**REQUIREMENT**:
Images in the records should be skipped while the rest is transcribed verbatim.

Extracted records
* * * * * * *

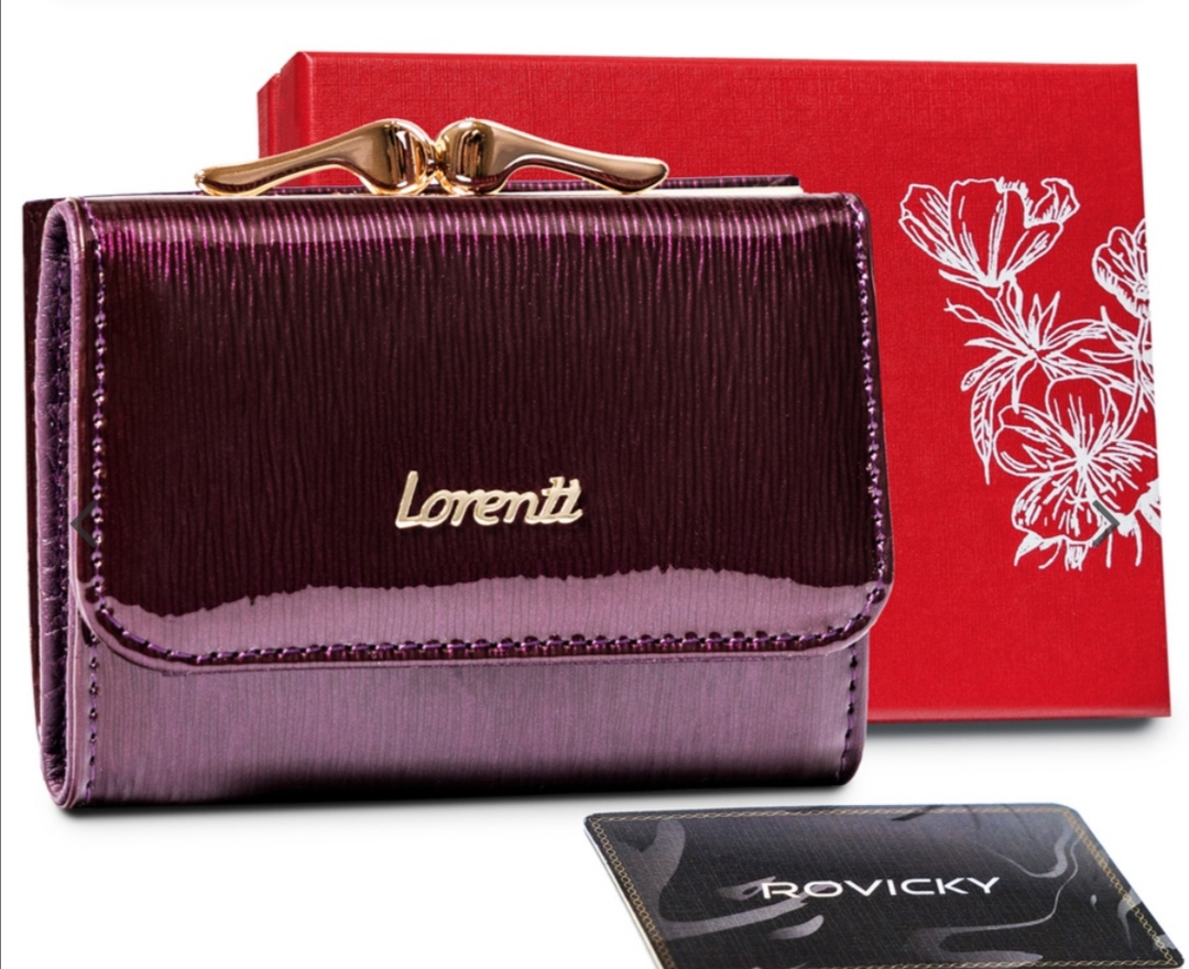 - Malá dámská kožená lakovaná peněženka ve fialové barvě v dárkové krabičce. Tato peněženka je navržena minimalisticky, ale přesto se do ní vejde vše co potřebujete. Je vyrobena z vysoce kvalitní přírodní hovězí kůže, pokryté lakem s vysokým leskem. Tyto peněženky se vyznačují nadprůměrnou odolností s velkým důrazem na nejvyšší kvalitu zpracování a design. Na přední straně peněženky najdete decentní logo Lorenti ve zlaté barvě. Uvnitř peněženky kvalitní logovaná výstelka, která chrání peněženku před opotřebením kartami.
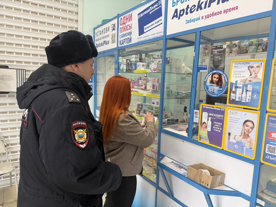 Полицейские вручили сотрудникам аптек профилактические памятки, которых наглядно изложены: уголовная и административная ответственность за реализацию безрецептурных лекарственных препаратов, в том числе несовершеннолетним (ст. 234.1 УК РФ «Незаконный оборот сильнодействующих или ядовитых веществ», ст. 6.16 КоАП РФ «Нарушение правил оборота наркотических средств, психотропных веществ»), контактные телефоны для оперативного сообщения о подозрительных покупателях или попытках сбыта.
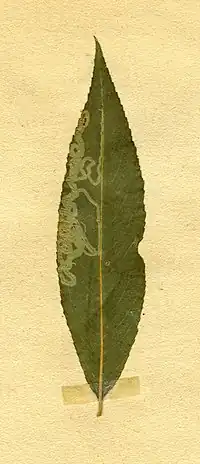 Phyllocnistis valentinensis mines on Salix fragilis | |
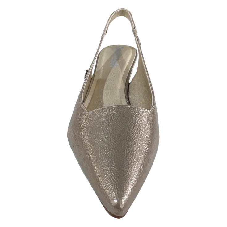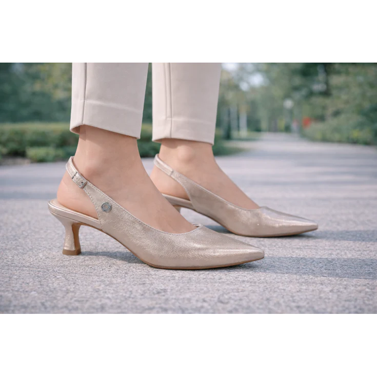 El Zapato de Salón Charol Oro es pura elegancia luminosa con un toque sofisticado y actual. Su acabado en charol dorado refleja la luz con sutileza, convirtiéndolo en el aliado perfecto para invitadas, celebraciones y eventos donde cada detalle cuenta. Un zapato de salón slingback que estiliza y aporta distinción sin renunciar a la comodidad.
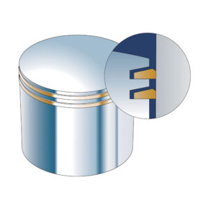 Anéis de pistão trapezoidais especiais empregam um desenho exclusivo que proporciona mais potência ao eixo de manivelas com menos perda de energia. Os anéis também aumentam a eficácia da combustão, oferecem maior durabilidade, reduzem o consumo de combustível, e diminuem a possibilidade de emperramento dos anéis.
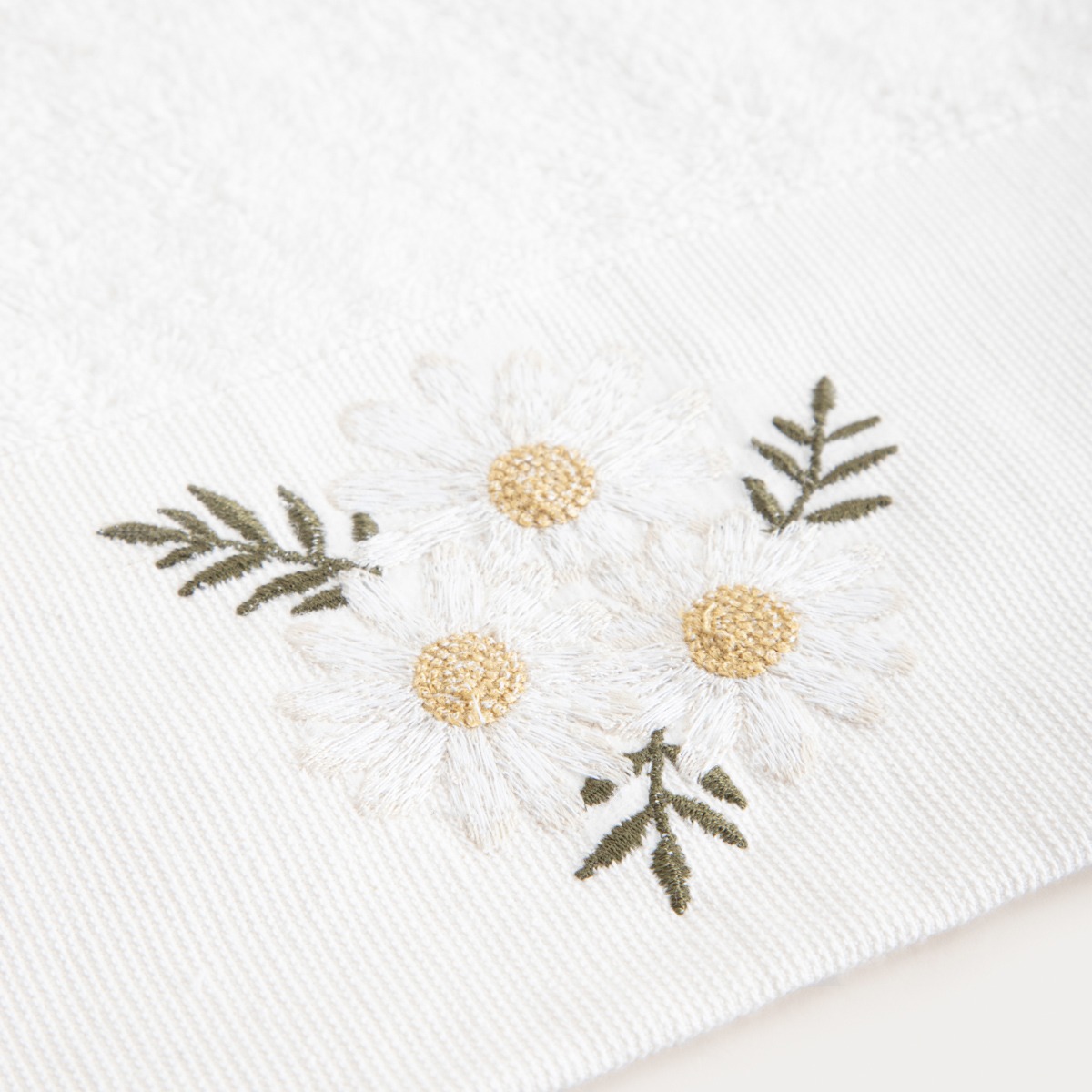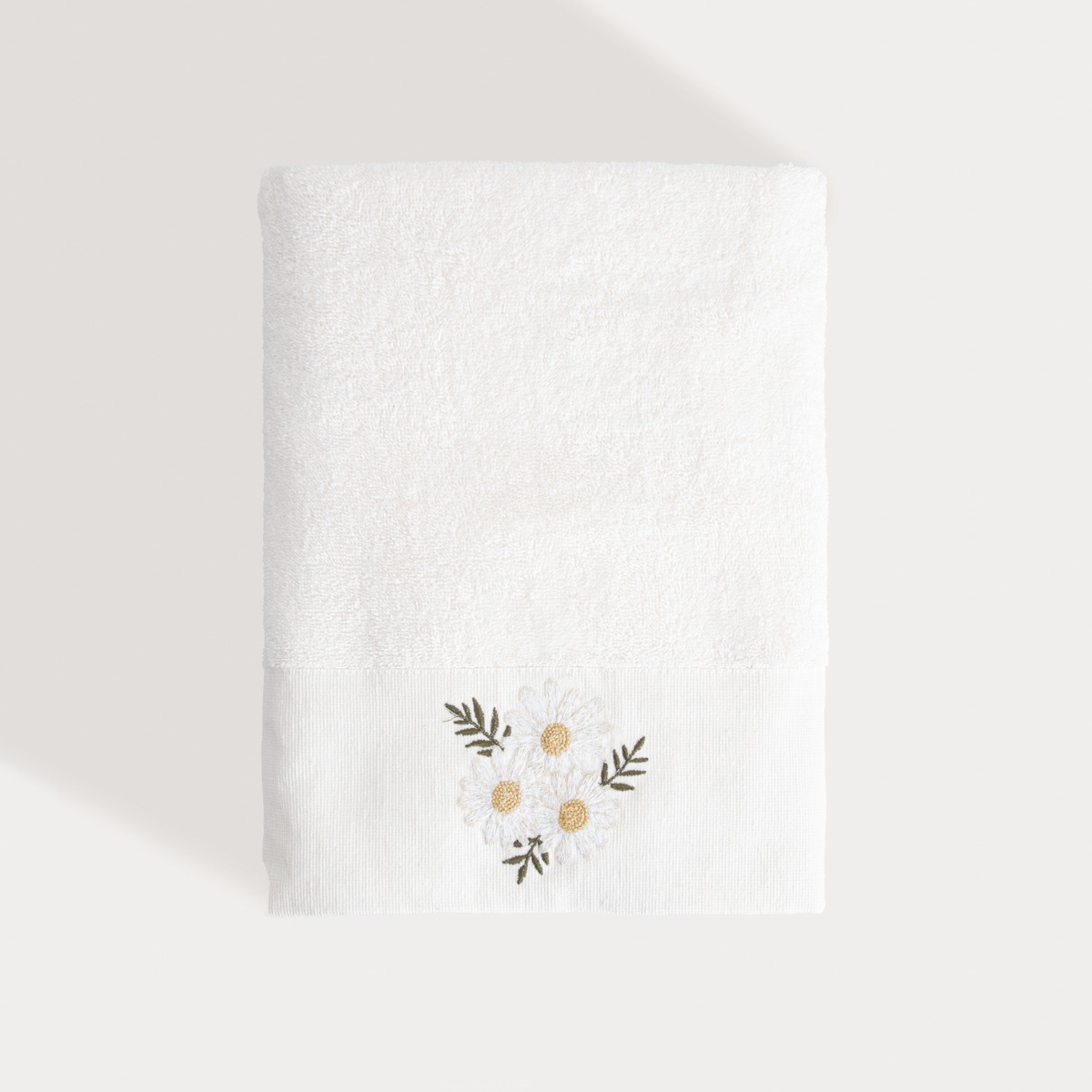 Towel with embroidered daisies 70 x 130 cm
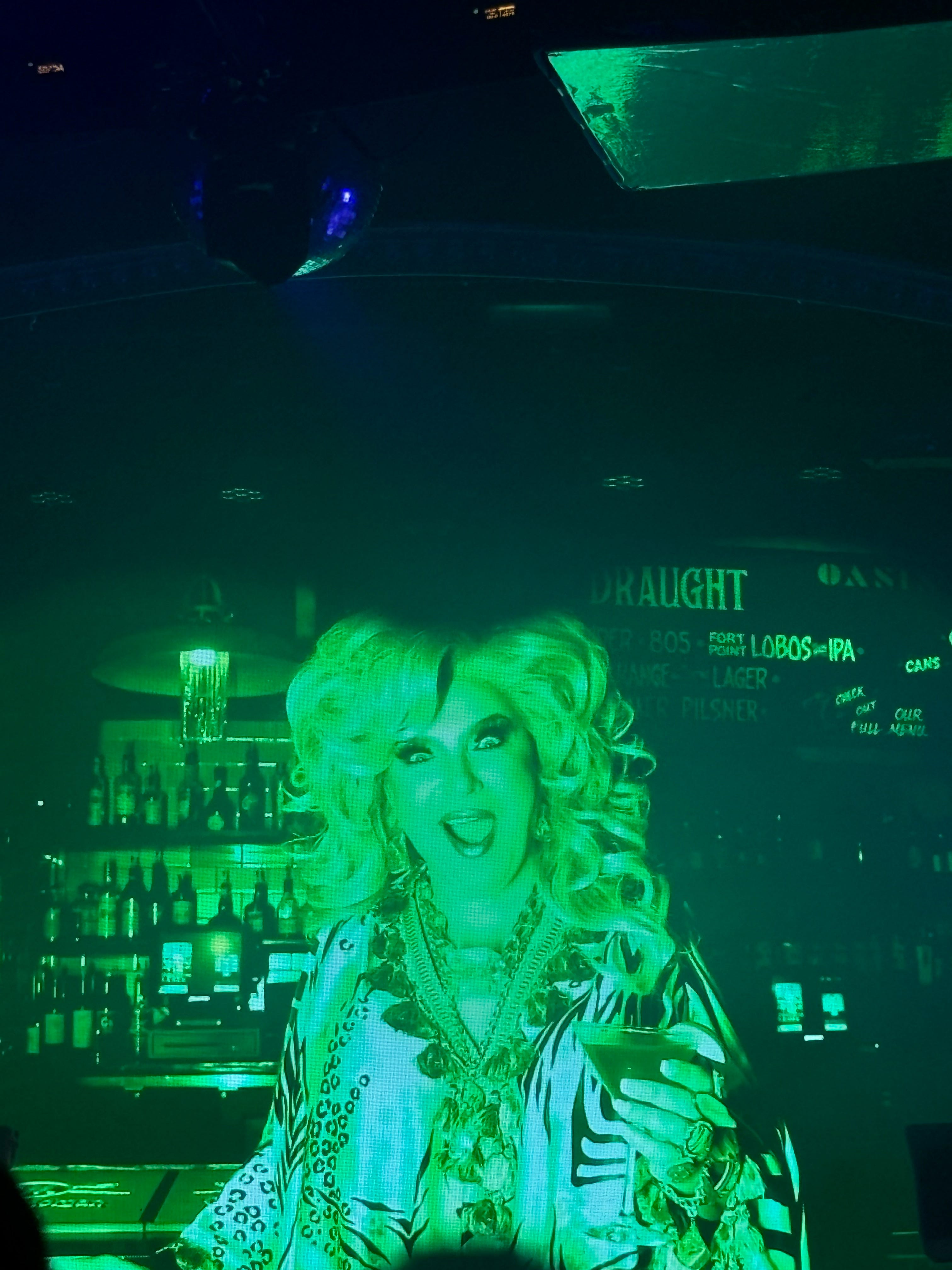 The night vision goggles revealed a well-preserved “dinosaur” in the form of D’Arcy Drollinger, Oasis’s owner, at the bar:

* * * * * * *

**YOUR RESPONSE**:
 - Malá dámská kožená lakovaná peněženka ve fialové barvě v dárkové krabičce. Tato peněženka je navržena minimalisticky, ale přesto se do ní vejde vše co potřebujete. Je vyrobena z vysoce kvalitní přírodní hovězí kůže, pokryté lakem s vysokým leskem. Tyto peněženky se vyznačují nadprůměrnou odolností s velkým důrazem na nejvyšší kvalitu zpracování a design. Na přední straně peněženky najdete decentní logo Lorenti ve zlaté barvě. Uvnitř peněženky kvalitní logovaná výstelka, která chrání peněženku před opotřebením kartami.
 Полицейские вручили сотрудникам аптек профилактические памятки, которых наглядно изложены: уголовная и административная ответственность за реализацию безрецептурных лекарственных препаратов, в том числе несовершеннолетним (ст. 234.1 УК РФ «Незаконный оборот сильнодействующих или ядовитых веществ», ст. 6.16 КоАП РФ «Нарушение правил оборота наркотических средств, психотропных веществ»), контактные телефоны для оперативного сообщения о подозрительных покупателях или попытках сбыта.
 Phyllocnistis valentinensis mines on Salix fragilis | |
 El Zapato de Salón Charol Oro es pura elegancia luminosa con un toque sofisticado y actual. Su acabado en charol dorado refleja la luz con sutileza, convirtiéndolo en el aliado perfecto para invitadas, celebraciones y eventos donde cada detalle cuenta. Un zapato de salón slingback que estiliza y aporta distinción sin renunciar a la comodidad.
 Anéis de pistão trapezoidais especiais empregam um desenho exclusivo que proporciona mais potência ao eixo de manivelas com menos perda de energia. Os anéis também aumentam a eficácia da combustão, oferecem maior durabilidade, reduzem o consumo de combustível, e diminuem a possibilidade de emperramento dos anéis.
 Towel with embroidered daisies 70 x 130 cm
 The night vision goggles revealed a well-preserved “dinosaur” in the form of D’Arcy Drollinger, Oasis’s owner, at the bar:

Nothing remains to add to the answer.